(Recorded data)
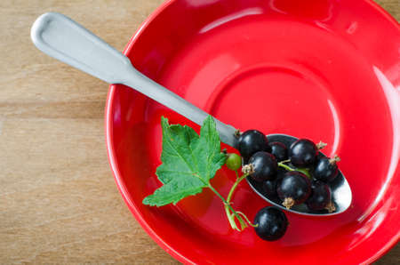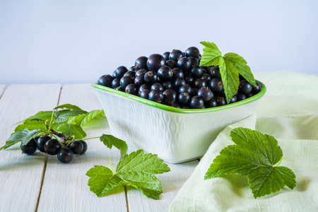 Fresh berries of black currant in a plate on a table. For a diet and saturation with vitamins
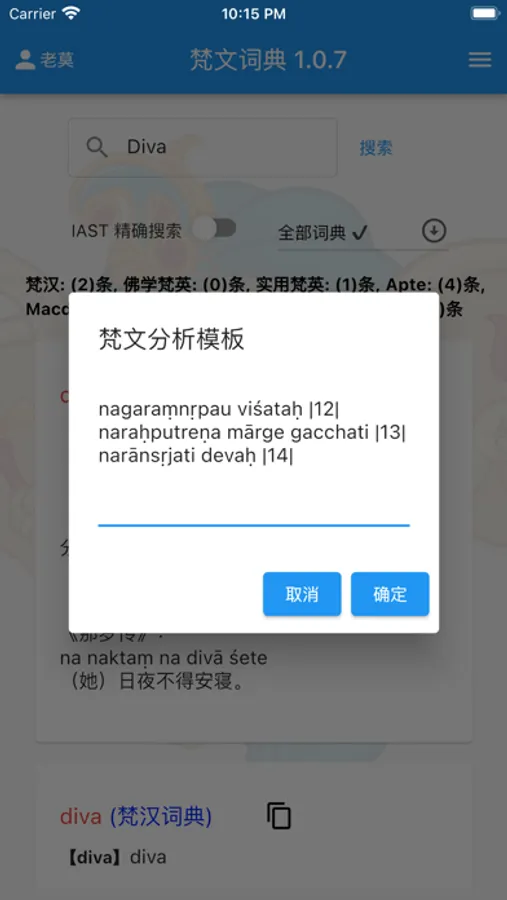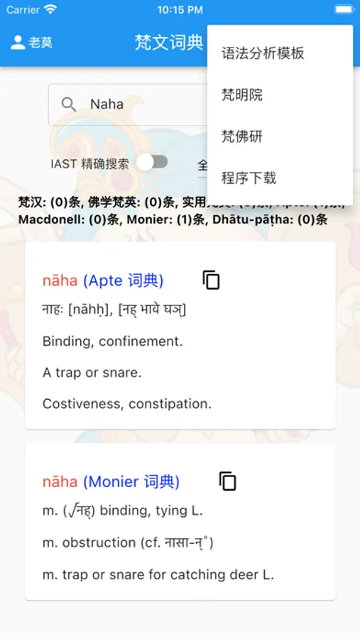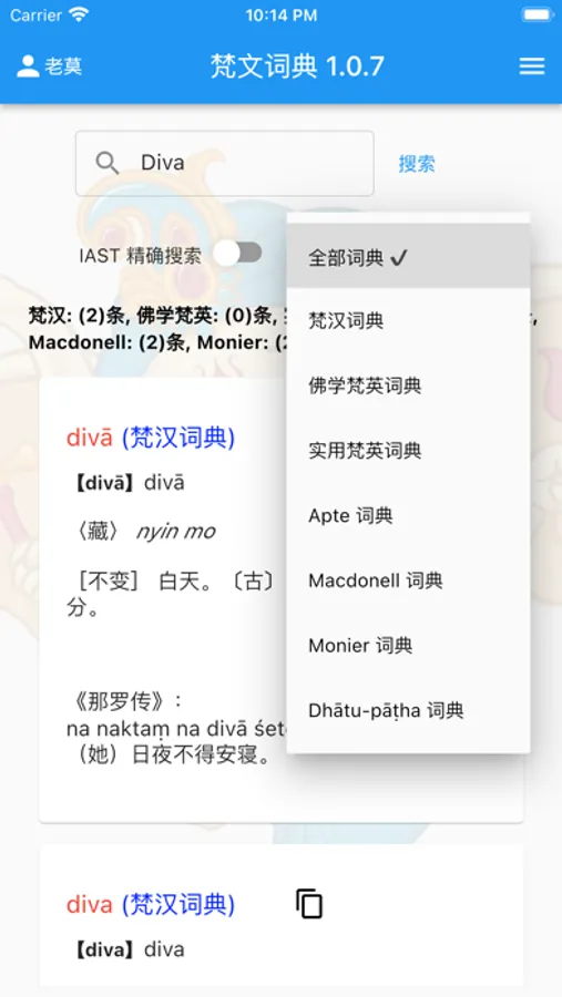1: 它内置六大梵英字典,本程序集成了 Apte,Macdonell ,Monier,梵汉词汇,佛学梵英词典(Buddhist Hybrid Sanskrit (1953) 词典)和实用梵英词典(Practical Sanskrit-English)等七个字典三十四万条单词,可以不用联网离线查询。
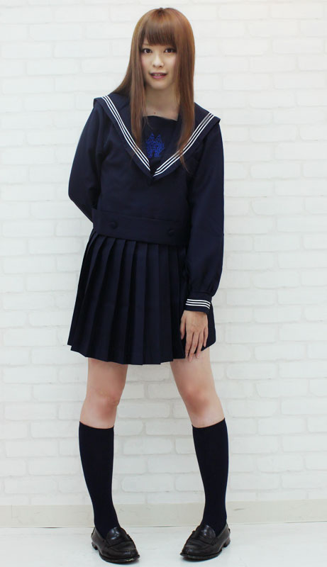 清潔感ある白い3本ラインが入った濃紺の長袖セーラー服は、サイドファスナー仕様。
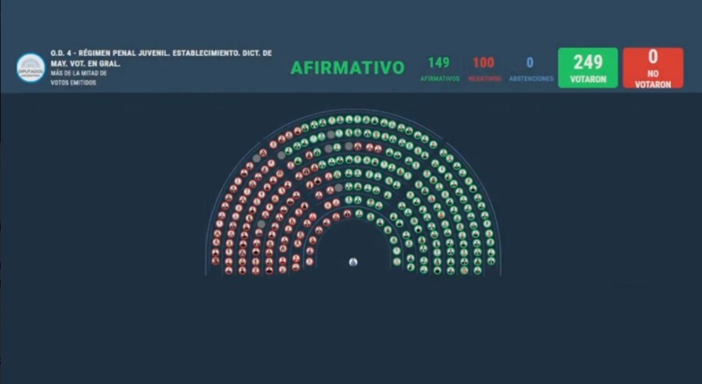 La Cámara de Diputados de la Nación Argentina aprobó y giró al Senado el proyecto de nuevo Régimen Penal Juvenil con 149 votos a favor y 100 en contra, sin abstenciones.
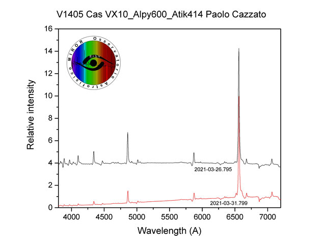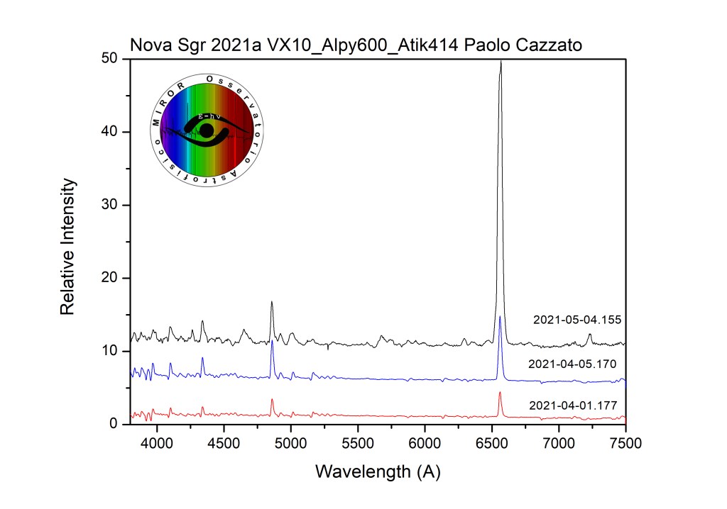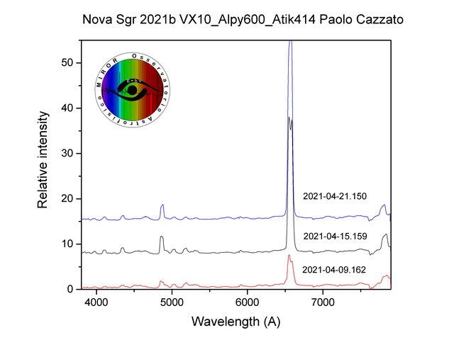 Il primo spettro registrato in ARAS è quello riportato in rosso e acquisito il 9 Aprile 2021.
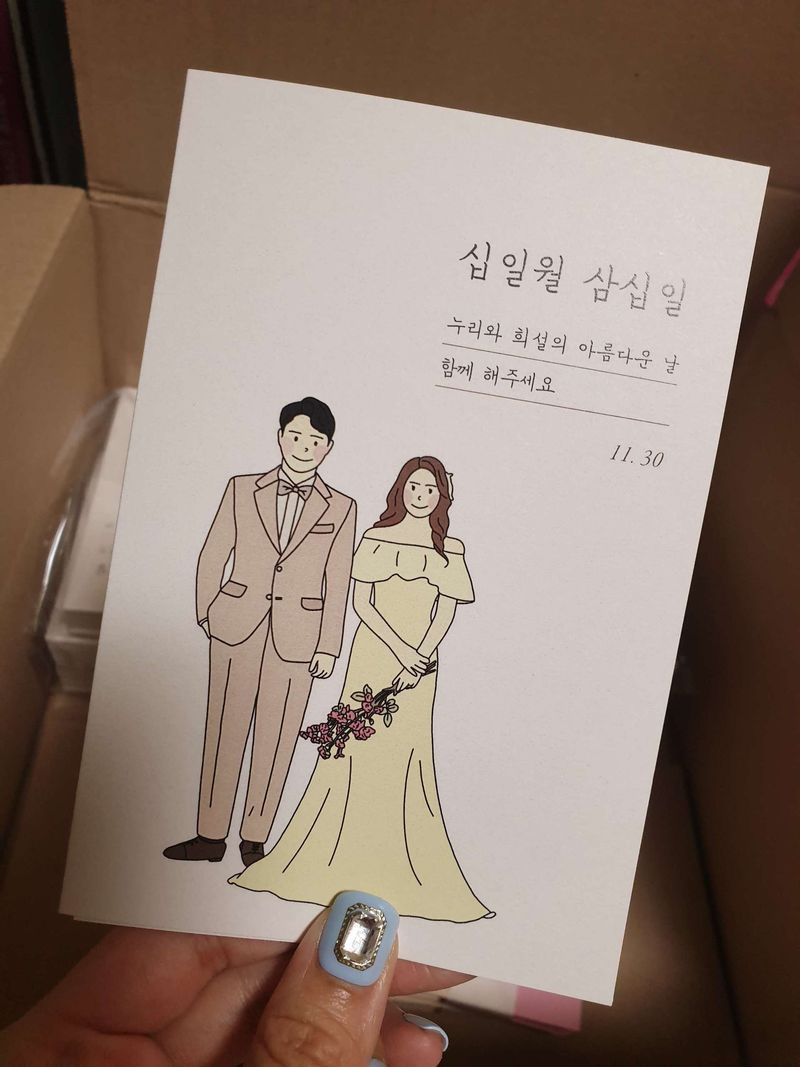 저희는 저희일러스트를 청첩장에 꼭 넣고싶었는데 예쁘게 잘 넣어주셔서 넘 만족스러웠습니다. 처음에는 DIY로 아예 제작하는걸 생각했는데 포토샵을 만지지못하면 쉽지않더라구요... 근데 사진자리에 일러스트넣는것만으로 우리만의 특별한 청첩장이 만들어져서 넘 만족스러워요^^ 그리고 뇌물로보내주신 여유분도ㅋㅋ 유용하게 잘 사용했구 무엇보다 무료로 받은 스탬프 진짜 예뻐요!! 봄카드에서 청첩장한거 넘 만족합니다^^ 디자인 : 추천♥ 여러곳의 샘플을 많이 받아봤는데 봄카드샘플이 마음에 드는게 제일 많았어요. 특히 일러스트나 사진이 들어간 청첩장이 디자인예쁜게 많더라구요 가격 : 추천♥ 저희는 청첩장 500매 ,스탬프도장, 식권도장 라벨지,잉크충전용2개까지해서 19만원정도 였어요 좋은가격에 종이질도좋았어요. 서비스 : 추천♥ 제가 사진자리에 일러스트넣는것 때문에 계속 문의했는데 항상 친절하게 답해주셨고 일처리도 빨라서 좋았어요:)
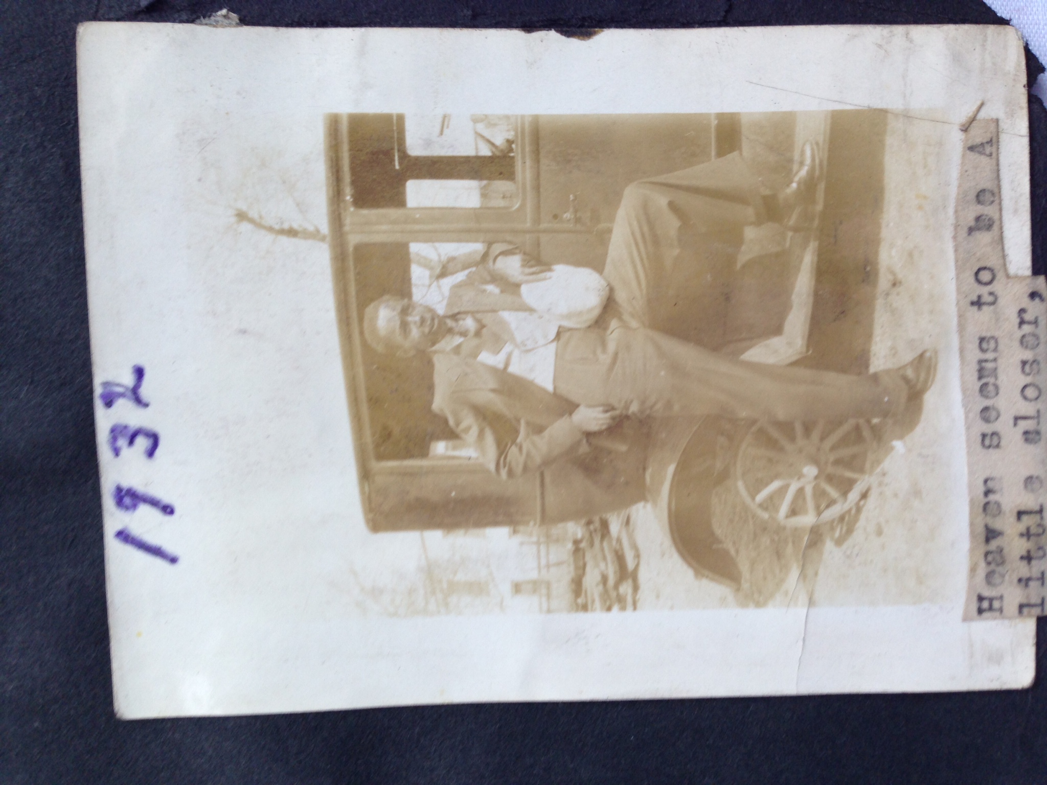 The chap is standing on the run-board of a 1927 Ford T model (see attached photo of similar car)
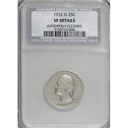 <B>1932-D 25C --Improperly Cleaned--NCS. VF Details.</B></I> NGC Census: (0/0). PCGS Population (0/0). Mintage: 436,800. (#5791)<BR><BR><B>Coin Engraver:</B> John Flanagan<BR><BR><b>Shipping:</b> Coins & Currency (<a target="_blank" href="http://www.heritageauctions.com/common/shipping.php">view shipping information</a>)
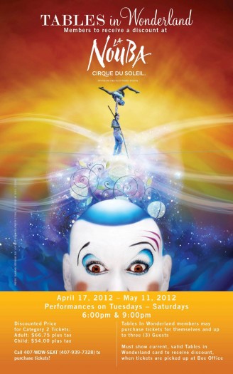 Tickets will be Category 2, and price will be $66.75 for adults and $54.00 for kids. Call 407-WDW-SEAT (407-939-7328) to purchase tickets! (Must show current Tables in Wonderland card when picking up tickets at the Box Office.)
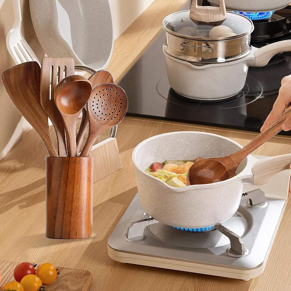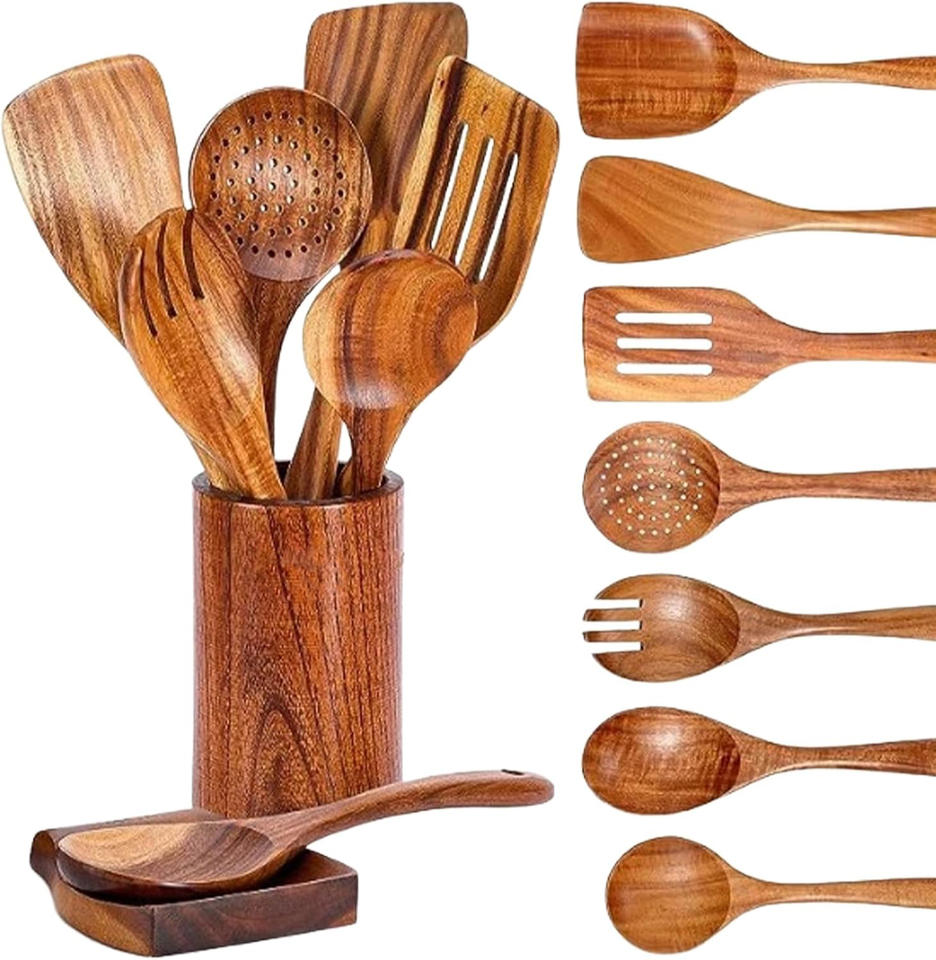 Ensemble de 10 ustensiles de cuisine en bois
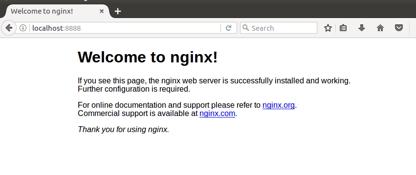 -p后面的第一个8888是本地端口,80是nginx的端口,意思是将nginx端口映射到本地,现在可以访问本地8888端口
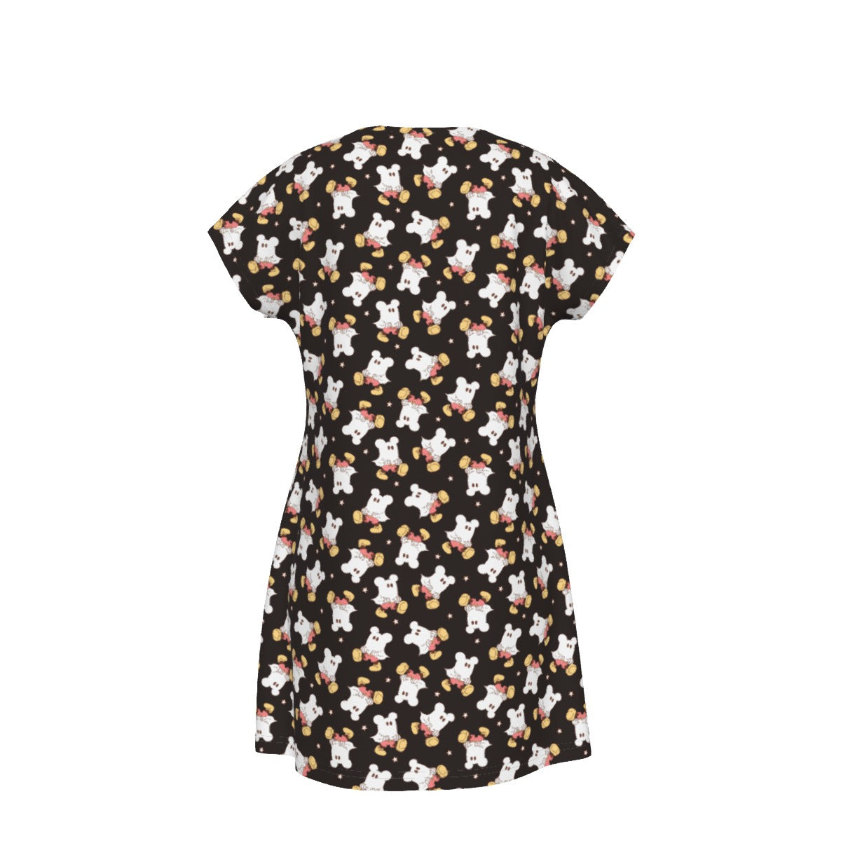 This charming print features a playful ghostly character wearing classic yellow shoes and red shorts, floating across a starry black sky. Cute with a touch of spooky, it’s a timeless favorite for those who love fun Halloween vibes.
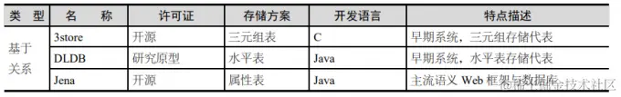 | 基于关系 | 3store | 开源 | RDF 图 / 三元组表 | SPARQL | 否 |

*WORK REQUIRED*. Find the line with "Il primo spettro" in the data above, and from there retype each line exactly through the line with "This charming print", skipping the pictures along the way.

*TASK RESULT*.
 Il primo spettro registrato in ARAS è quello riportato in rosso e acquisito il 9 Aprile 2021.
 저희는 저희일러스트를 청첩장에 꼭 넣고싶었는데 예쁘게 잘 넣어주셔서 넘 만족스러웠습니다. 처음에는 DIY로 아예 제작하는걸 생각했는데 포토샵을 만지지못하면 쉽지않더라구요... 근데 사진자리에 일러스트넣는것만으로 우리만의 특별한 청첩장이 만들어져서 넘 만족스러워요^^ 그리고 뇌물로보내주신 여유분도ㅋㅋ 유용하게 잘 사용했구 무엇보다 무료로 받은 스탬프 진짜 예뻐요!! 봄카드에서 청첩장한거 넘 만족합니다^^ 디자인 : 추천♥ 여러곳의 샘플을 많이 받아봤는데 봄카드샘플이 마음에 드는게 제일 많았어요. 특히 일러스트나 사진이 들어간 청첩장이 디자인예쁜게 많더라구요 가격 : 추천♥ 저희는 청첩장 500매 ,스탬프도장, 식권도장 라벨지,잉크충전용2개까지해서 19만원정도 였어요 좋은가격에 종이질도좋았어요. 서비스 : 추천♥ 제가 사진자리에 일러스트넣는것 때문에 계속 문의했는데 항상 친절하게 답해주셨고 일처리도 빨라서 좋았어요:)
 The chap is standing on the run-board of a 1927 Ford T model (see attached photo of similar car)
 <B>1932-D 25C --Improperly Cleaned--NCS. VF Details.</B></I> NGC Census: (0/0). PCGS Population (0/0). Mintage: 436,800. (#5791)<BR><BR><B>Coin Engraver:</B> John Flanagan<BR><BR><b>Shipping:</b> Coins & Currency (<a target="_blank" href="http://www.heritageauctions.com/common/shipping.php">view shipping information</a>)
 Tickets will be Category 2, and price will be $66.75 for adults and $54.00 for kids. Call 407-WDW-SEAT (407-939-7328) to purchase tickets! (Must show current Tables in Wonderland card when picking up tickets at the Box Office.)
 Ensemble de 10 ustensiles de cuisine en bois
 -p后面的第一个8888是本地端口,80是nginx的端口,意思是将nginx端口映射到本地,现在可以访问本地8888端口
 This charming print features a playful ghostly character wearing classic yellow shoes and red shorts, floating across a starry black sky. Cute with a touch of spooky, it’s a timeless favorite for those who love fun Halloween vibes.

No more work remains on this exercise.